Without copyright protection creative types would not create. That, apparently, is one of the defenses put forward by the likes of the RIAA and the MPAA. These organizations chase after file sharers and attempt to gain millions of dollars of recompense each year from people who swap music and movie torrents. But isn’t this defense simply justification for a whole new industry that could outgrow the music and movie industries themselves?
It’s fairly well documented that many recording artists in the past were offered draconian record company contracts and received little compensation for their creativity compared with the company profit lines.
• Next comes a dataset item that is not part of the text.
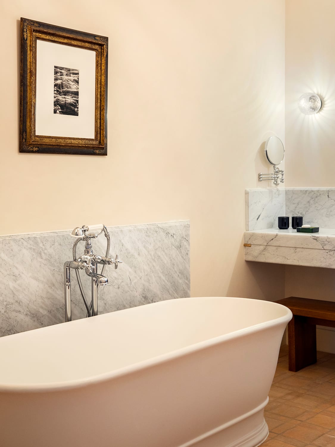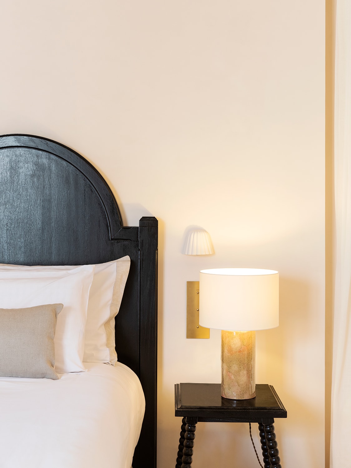 The rest of the hotel has been restored with a considered design approach that’s a study in elegant restraint. Crafted by interior design studio Festen in collaboration with architecture studio Gras Reynes, they carefully retain the lovely bones of the historic house while also imbuing it with a fresh character. Every piece, like the hand-blown glass lamps by Mallorcan brand Gordiola, accentuate the pared-back beauty of this space. With just a handful of bright rooms and relaxed shared spaces, staying at Portella feels like staying in an artistic friend’s villa rather than a boutique hotel. Isn’t that the kind of hotel we’re all looking for?

There’s also the almost forgotten fact that decades of music charts were hyped as company A&R staff bought up their label’s records to boost chart placements. There’s also the pricing concept associated with a manufactured music disk and accompanying liner notes and the virtual download version of an “album” and how that somehow should cost the same instore and online.
Brazilian musician Denis Borges Barbosa who recently published a critique of the state of copyright in the world of music, also points out that the prime defense of copyright protecting creativity is a fallacy. In his critique he suggests that we take a look at the plight of composer-musicians stretching back to the Baroque period to see just how ludicrous a claim that is.
Eighteenth century composer Georg Philipp Telemann, for instance, is the most prolific composer in history. A lawyer by training (oh, the irony) he was simultaneously a public servant, a publisher, a concert promoter, a conductor, and a performer, and wrote some 8000 opi. There was no copyright law to protect his works. Likewise, Vivaldi composed over 500 concerti, 43 operas, published 100 opi. Handel (who also started law school) staged 50 of his operas and 23 oratorios. Beethoven produced 849 opi (eight concerti and nine symphonies). Mozart and Bach we incredibly creative and prolific too.
Barbosa suggests that it was the total lack of any copyright protection that made these famous names such workaholics; they had to slave away at their staves simply to keep ahead of the competition. However, by the twentieth century, long after copyright laws had been laid down, the likes of Gershwin and Bernstein received amazing plaudits, awards, and no little reward for much more modest levels of musical output.
Gershwin wrote a mere 19 classical pieces, 35 Broadway shows and contributed to 22 other plays, and seven films, while Bernstein wrote just three symphonies, two operas and five musicals. All amazing stuff, but not the hundreds or thousands of their classical predecessors.
It seems that copyright laws, while protecting vested interests have simply stifled creativity. Looking at the statistics for modern composers Bernstein, Gershwin, and their contemporaries and comparing them with those of just one Telemann or Vivaldi suggests that the public has been massively deprived of the full potential of such composers. A lack of copyright protection may have seen Bernstein et al working even harder and producing an even greater musical legacy.
“The example of the 18th century composers who thrived both in cultural and market terms sheds some doubt on the dogma that without effective copyright the output of symbolic goods would diminish on a significant level,” concludes Barbosa. He suggests that a system that sidesteps intellectual property rights and copyright [Creative Commons, Copyleft, Open Source, for instance] could be more conducive to high levels of creativity.
Of course, such a suggestion would remove the members of the RIAA and MPAA from the equation, leaving the artists and creators with a direct connection to their listening and watching public. Perish the thought that artists might be able to talk direct to their public with no intermediaries to cream off a percentage.